AC Automata related :
$fail$ Trees :
$fail$ The longest tree is $border$ Relationships form father son relationships , We define the string corresponding to a node as the path from the root to the node .
For any non root node $x$, set $y = fa_{x}$, that $y$ The corresponding string is $x$ The longest of the corresponding string $border$, That is to say, if the main string can go to $x$, There must be a substring in the parent string corresponding to $y$, And it is a suffix that matches the current parent string to the current position .
Find the number of times each mode string appears in the parent string :
This is supposed to be AC The most basic problem of automata .
Run the string on the automaton , Obviously, all the visited nodes are substrings of the parent string , But there may be more than one pattern string suffixed by the current matching position , And all of it $border$. A good property is ,$fail$ The ancestor chain of a node in the tree exactly corresponds to all of the nodes $border$. We use it $cnt_{i}$ Express $i$ The number of valid nodes in the ancestor chain of a point , So just match to a node every time $x$ when , It's $cnt_{x}$ Add in the contribution .
If you want to support dynamic addition and subtraction mode string , Because modifying the validity of a node will only affect all nodes in its subtree , Just maintain it $Dfs$ The information in the order is enough .
AC On automata $Dp$ problem
Usually , This kind of $Dp$ The data range of the problem is small , The basic routine of design state usually has two dimensions , One dimension is where the parent string matches , One dimension is the position on the automata , Transfers are basically enumeration characters .

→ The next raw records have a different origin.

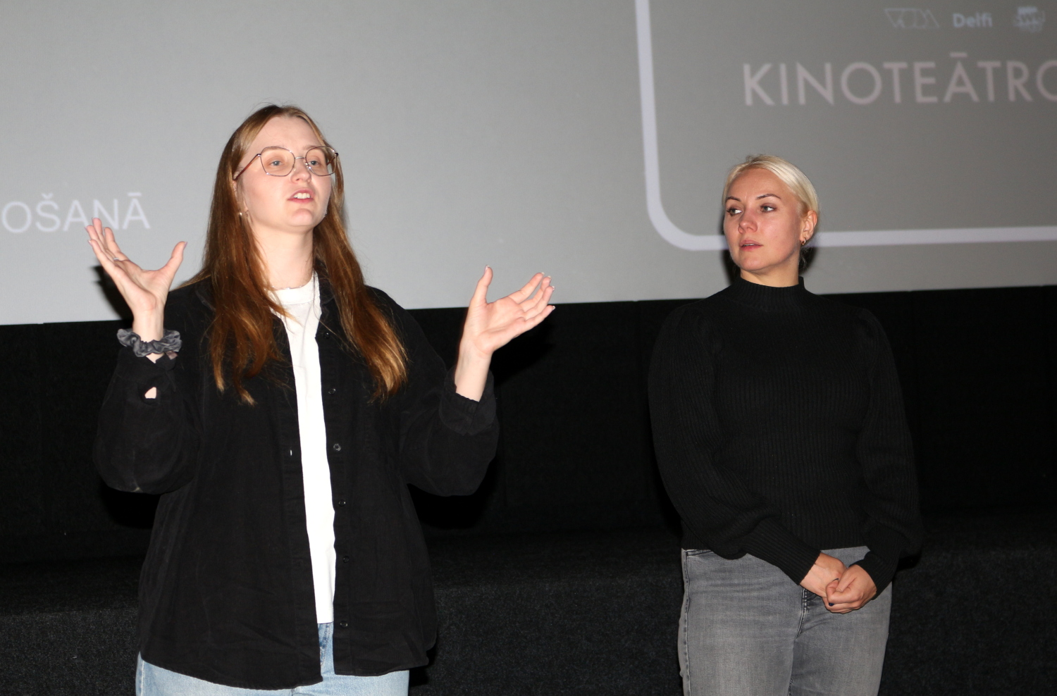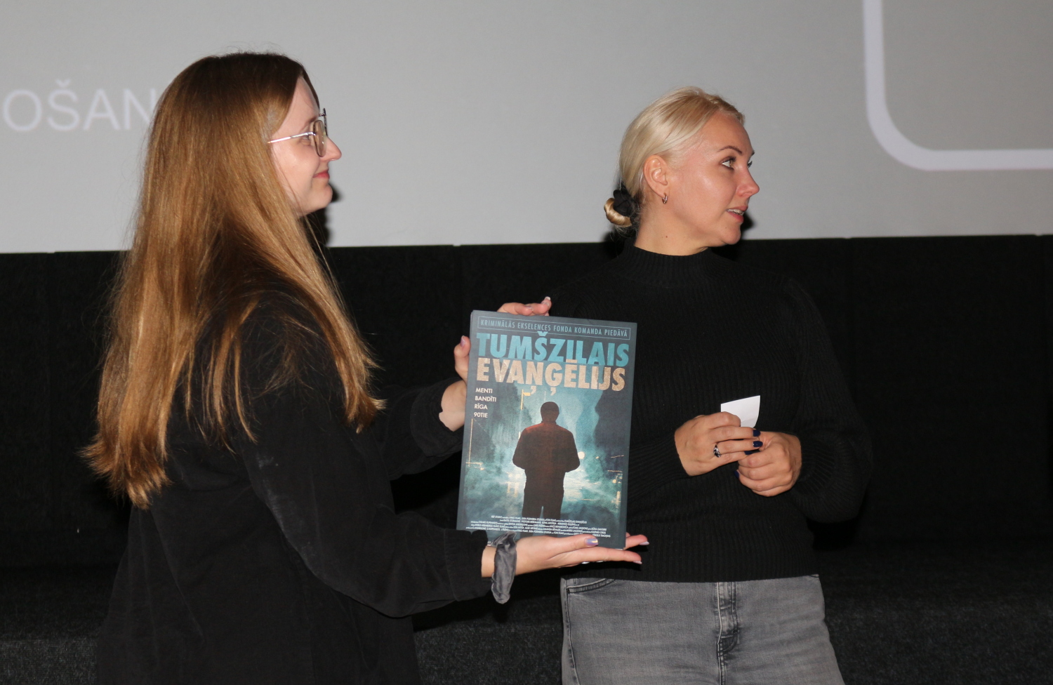 Piektdien, 10.oktobrī, kinoteātrī “Gaisma” kuplā skaitā bija ieradušies skatītāji, lai tiktos ar filmas “Tumšzilais evaņģēlijs” radošo komandu. Pie valmieriešiem bija ieradies pats režisors un scenārija autors Oskars Rupenheits, aktieru atlases koordinatore Alise Urtāne, lokāciju menedžere Amanda Rēvalde un producente, ražošanas vadītāja un vēl 200 citu darbu veicēja Sintija Andersone.
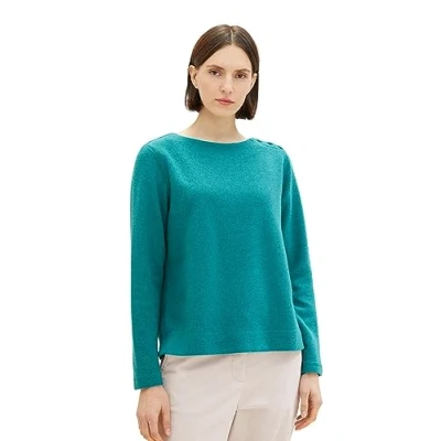 TOM TAILOR Women's 1034620 Sweatshirt with Button Placket, 32402 Ever Green Melange, XXL
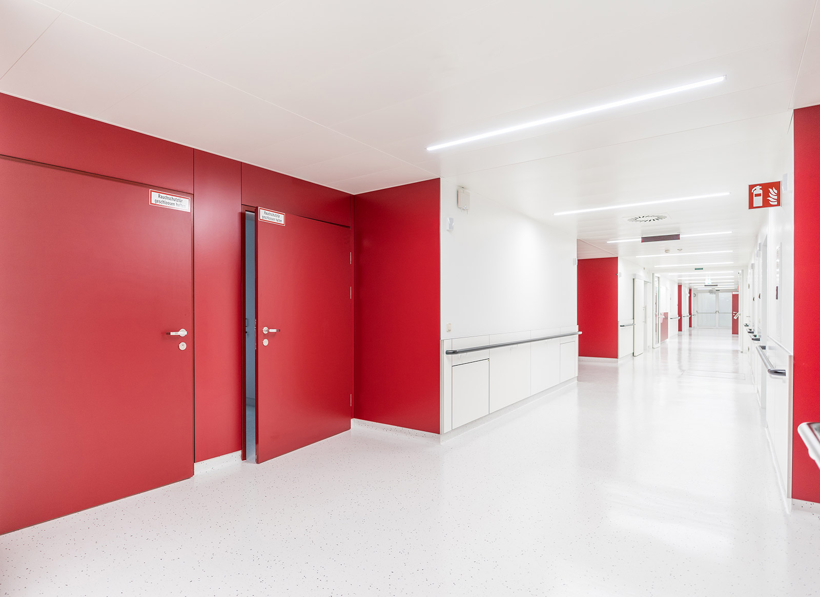 Um die Behaglichkeit zu steigern sind sämtliche medizinische Anschlüsse sowie Raum- und Behandlungslicht im Möbel hinter dem Bettende integriert. Der Patient:innenschrank ist jeweils vom Vorraum aus erreichbar. Die Wände und Verkleidungen des Vorraums sind im Farbton „orchidee“ akzentuiert. Die Allgemeinklassezimmer sind in ruhigen, hellen Beige- und Grautönen gestaltet. In den sogenannten „Heißen Zimmern“ ist eine Parapethöhe von 1,20 m notwendig, um die Strahlung zur Straße hin abzuschirmen. Am westlichen Ende des Neubaus befindet sich eine „Aktive Zone“ mit drei Einbett-Zimmern und zugehörigem Sanitärbereich. In diesem Bereich liegt neben anderen Nebenräumen auch ein Entsorgungsraum, in dem kleinere Gegenstände sowie radioaktive Abfälle gemessen und gegebenenfalls zum Abklingen gelagert werden können. Abgetrennt ist dieser Bereich durch eine Tür, welche mit einer Zutrittskontrolle versehen ist. Zwischen den Nutzräumen und dem Vorbereich der Zimmer wird keine bauliche Trennung vorgenommen, aber es gibt eine „rote Linie“ welche die Schleuse vom hochaktiven Bereich trennt. An dieser Line befindet sich Platz, um Schutzkleidung zu deponieren. In diesem Gebäudeteil ist auch das neue Fluchttreppenhaus, das vom 2. OG zum EG durchgesteckt ist und dessen Ausgang in Richtung Chirurgie West führt. (Text: Roman Höllbacher, nach einem Text der Architekt:innen)
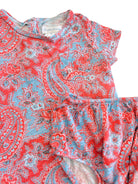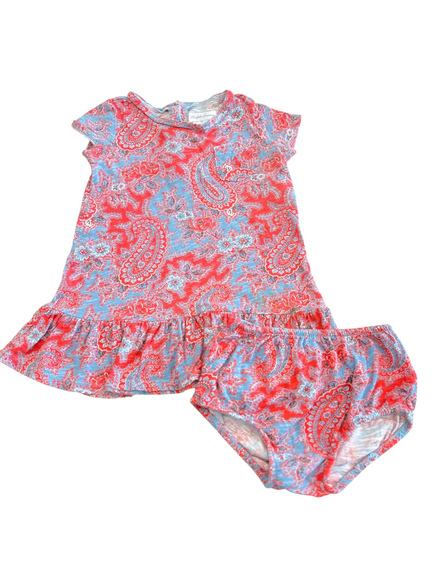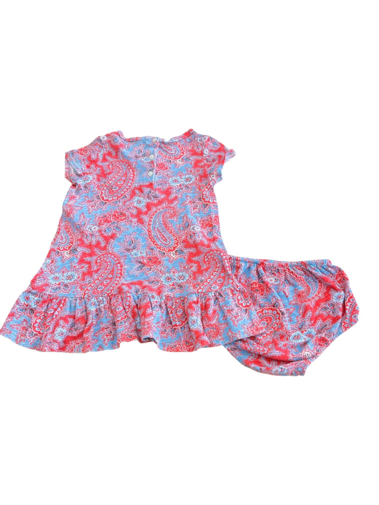This Ralph Lauren dress is pure joy! Lightweight, ultra-soft 100% cotton in a charming red and blue paisley print. Includes matching bloomers for a complete look. Perfect for babies in size 0. Very good condition.
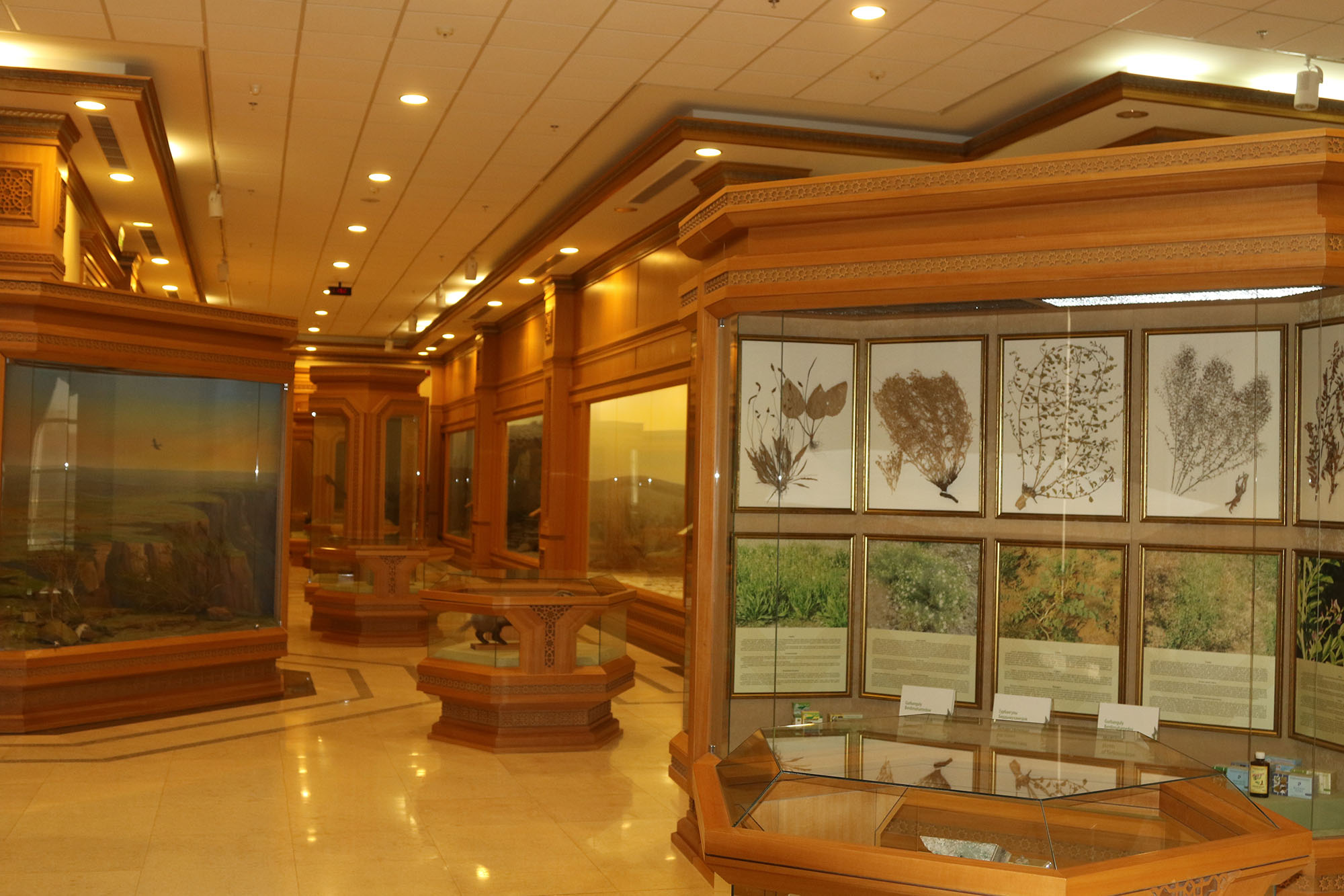 Daşoguz welaýatynyň Taryhy we ülkäni öwreniş muzeýiniň Tebigat zalynyň ekspozisiýasy şu welaýatyň toprak kartasy we topraklaryň görnüşleri bilen başlanýar. Soňra witrinalarda Daşoguz welaýatyň klimat kartasy, Üstýurt platosynyň we Sarygamyş kölüň fotosuratlary, gazylyp alynýan peýdaly minerallaryň görnüşleri gökezilýär. Diwarda ýerleşen uly karta şu sebitiň haýwanat dünýäsini görkezýär. “Tokaýlar’’ atly dioramada Garagum çölüniň içinde Sarygamyş kölüň emele gelmegi bilen ösümlikli oazisleriň döreýşini suratlandyrýar. Zalyň merkezi witrinalarynda derman, çöl we başga ösümlikleri görmek bolýar. 1983-1987-nji ýyllar aralykda Ustýurt platonyň çägine gulanlar göçürilýär. Bu bolsa “Gulanlar we Türkmen köli” atly dioramada we diwarda öz ornuny tapýar. “Saýgaklar” dioramasynda bu haýwanlaryň biziň ýurdumyzyň demirgazygyna ýazky göçüşini görkezýär. Mör-möjekleriň köpdürliligi bilen aýratyn bir witrinada tanşyp bolar. Ekspozisiýanyň iň uly dioramalary Üňüz aňyrsy Garaguma, Gaplaňgyra we Sarygamyşa bagyşlanan.
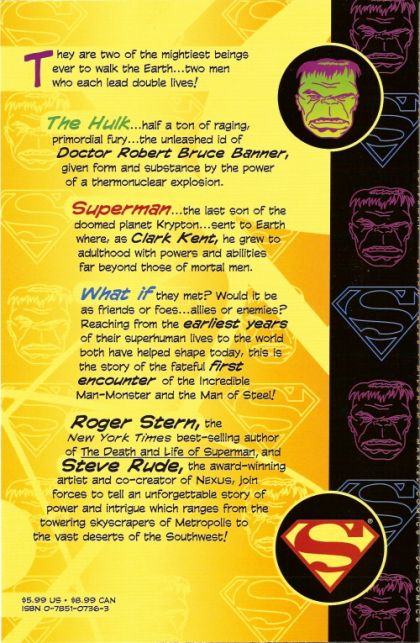 "Double Lives!" Story by Roger Stern. Art by Steve Rude and Al Milgrom. One is half a ton of primordial rage and fury and the product of modern science. The other is the last son of the doomed planet Krypton and endowed with abilities far beyond those of mortal men. Rendered in nostalgic 1950's-style artwork, this book tells the tale of "What if these two met?" What if these comic book icons had been born under the same banner? What will happen when the man-monster known as the Hulk, the strongest one there is, meets Superman, the Man of Steel and perhaps the greatest superhero of them all?
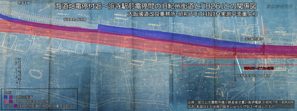 - 「旧26」は複線の路面軌道が敷設できるように幅員15間となったため、旧紀州街道の一部が「旧26」の歩道に組み込まれた。(この路面軌道は新阪堺電車・新阪堺線を想定したもの)
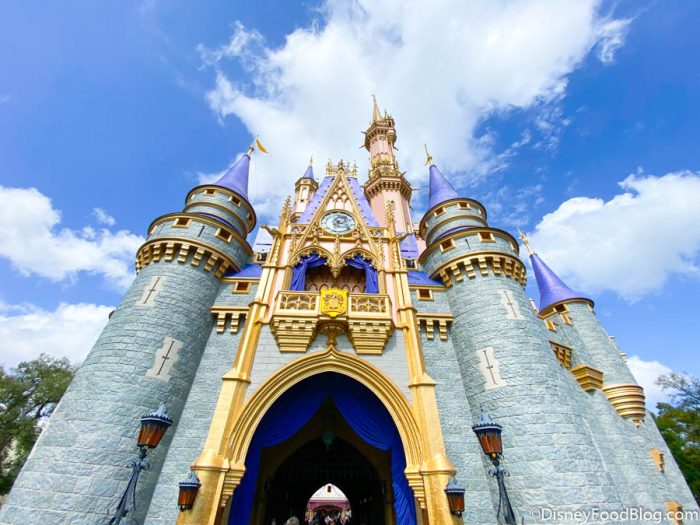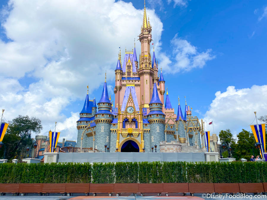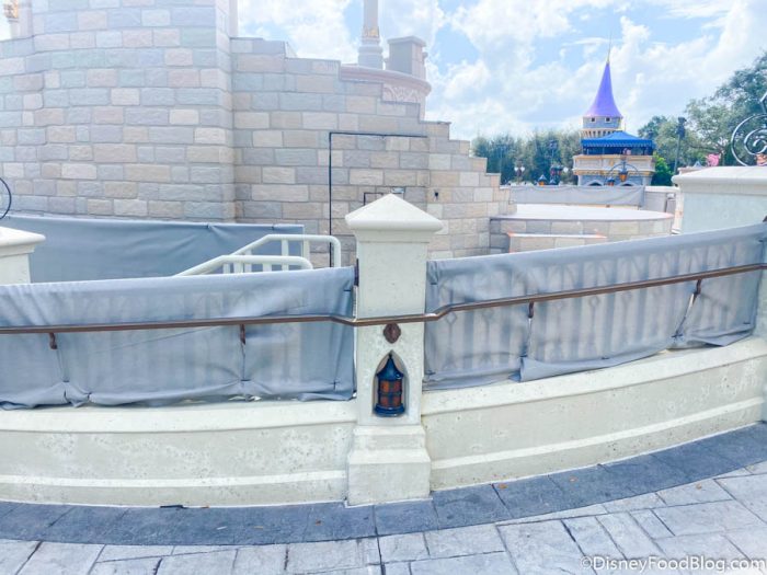 We’ve also seen other areas around Disney World getting some makeovers like the Train Station on Main Street, U.S.A., the Magic Kingdom entrance sign, and even the Disney World entrance signs. But, now it looks like Disney has potentially started another refurbishment project at Cinderella Castle that’ll definitely make your Castle pics look a little…different.
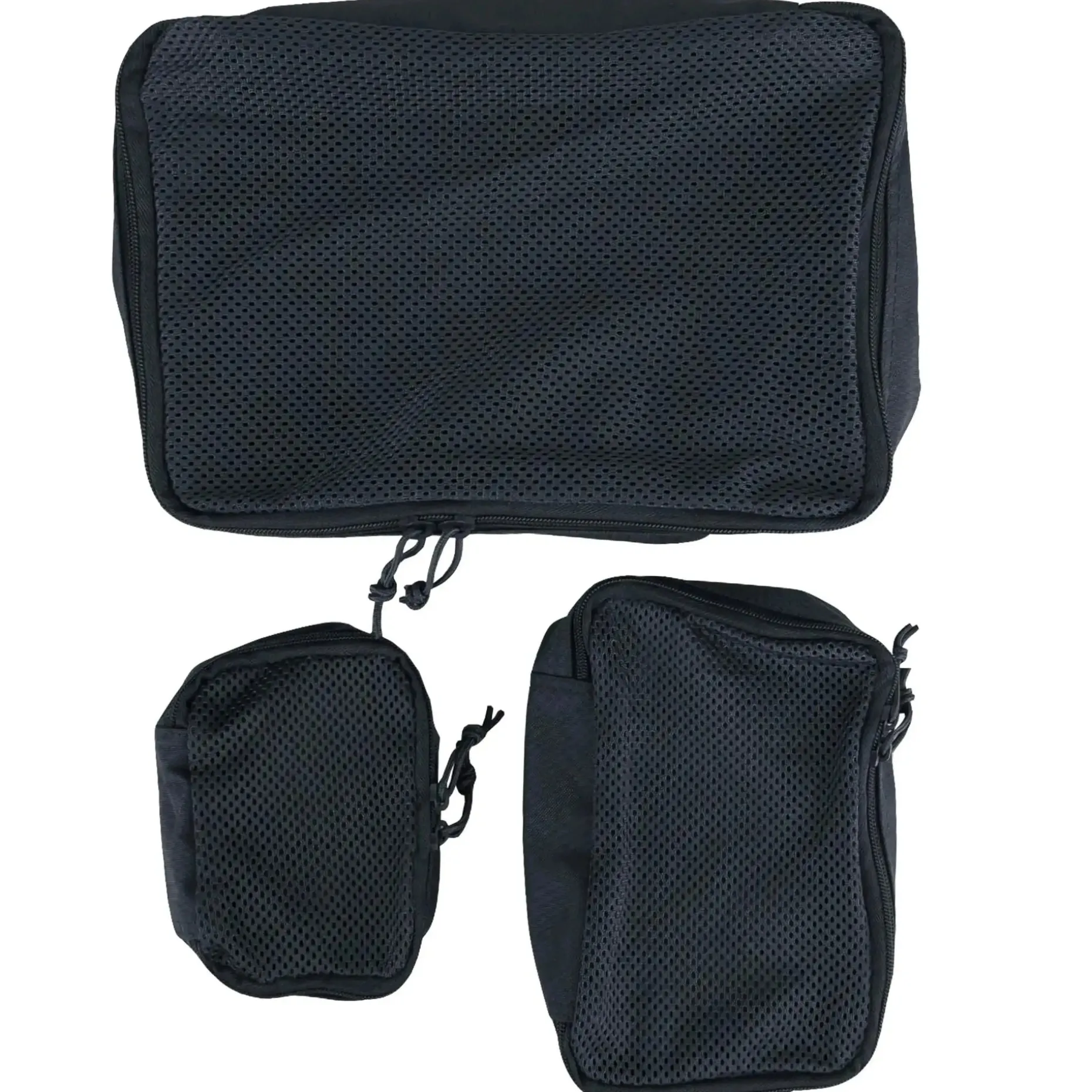 Das Set besteht aus drei praktischen Netztaschen in verschiedenen Größen. Sie eignen sich ideal zum Sortieren und Verstauen Ihrer Ausrüstung bzw. Bekleidung bei Reisen, sodass keine Unordnung in Koffer oder Tasche entstehen. Der Taschendeckel ist aus luftduchlässigem Mesh-Material, während die Seiten und der Boden geschlossen sind. So kann auch nichts verloren gehen.

$\star$ A simple example , Is to give a number $n$ and $m$ A string , The length of the question is $n$ How many strings satisfy this $m$ Each string is its substring . Topic link
because $m$ A very small , We just press it up , Indicates which substrings are included in the corresponding string of the node ,$Dp$ There are two ways ,$Dfs$ and $Bfs$ Fine , If $Dfs$ The meaning of state is usually expressed as the number of schemes from the current state to the end state .
However, because this question has to output a plan , use $Bfs$ It's not easy , Or use it $Dfs$ . .
#include <cstdio>
#include <queue>
#include <cstring> using namespace std; typedef long long LL;
const int N = , M = ; int n, m, ST, tot;
char sr[];
int ch[M][], fail[M], fir[M];
queue<int> Q; LL dp[N][M][], ans; void Ins(char *s, int id) {
int pos = ;
for (int i = ; s[i]; ++i) {
int nx = s[i] - 'a';
if (!ch[pos][nx]) {
ch[pos][nx] = ++tot;
memset(ch[tot], , sizeof ch[tot]);
fir[tot] = fail[tot] = ;
}
pos = ch[pos][nx];
}
fir[pos] |= << id;
} void Build() {
Q.push();
for (; !Q.empty(); ) {
int x = Q.front(); Q.pop();
for (int i = ; i < ; ++i) {
int v = ch[x][i];
if (!v) ch[x][i] = ch[fail[x]][i]; else Q.push(v);
if (x && v) fail[v] = ch[fail[x]][i], fir[v] |= fir[fail[v]];
}
}
} LL Dfs(int x, int p, int s) {
if (~dp[x][p][s]) return dp[x][p][s];
if (x == n) {
dp[x][p][s] = (LL) (s == ST);
return dp[x][p][s];
}
dp[x][p][s] = ;
for (int i = ; i < ; ++i) {
int np = ch[p][i];
dp[x][p][s] += Dfs(x + , np, s | fir[np]);
}
return dp[x][p][s];
} void F_(int x, int p, int s) {
if (x == n) {
sr[x] = '\0';
printf("%s\n", sr);
return;
}
for (int i = ; i < ; ++i) {
int np = ch[p][i];
if (dp[x + ][np][s | fir[np]]) {
sr[x] = 'a' + i;
F_(x + , np, s | fir[np]);
sr[x] = '\0';
}
}
} void Clear() {
memset(dp, -, sizeof dp);
memset(ch[], , sizeof ch[]);
tot = ans = ;
} int main() {
for (int tc = ; scanf("%d%d", &n, &m) == && n + m > ; ) {
Clear();
ST = ( << m) - ;
for (int i = ; i < m; ++i) {
scanf("%s", sr);
Ins(sr, i);
}
Build();
ans = Dfs(, , );
printf("Case %d: %lld suspects\n", ++tc, ans);
if (ans <= ) {
memset(sr, , sizeof sr);
F_(, , );
}
} return ;
}
Suffix automata related :
$parent$ Trees :
$parent$ The relationship between father and son is formed in the tree , For any non root node, there are $dep_{i} - dep_{fa_{i}}$ For the node $i$ The number of substrings contained .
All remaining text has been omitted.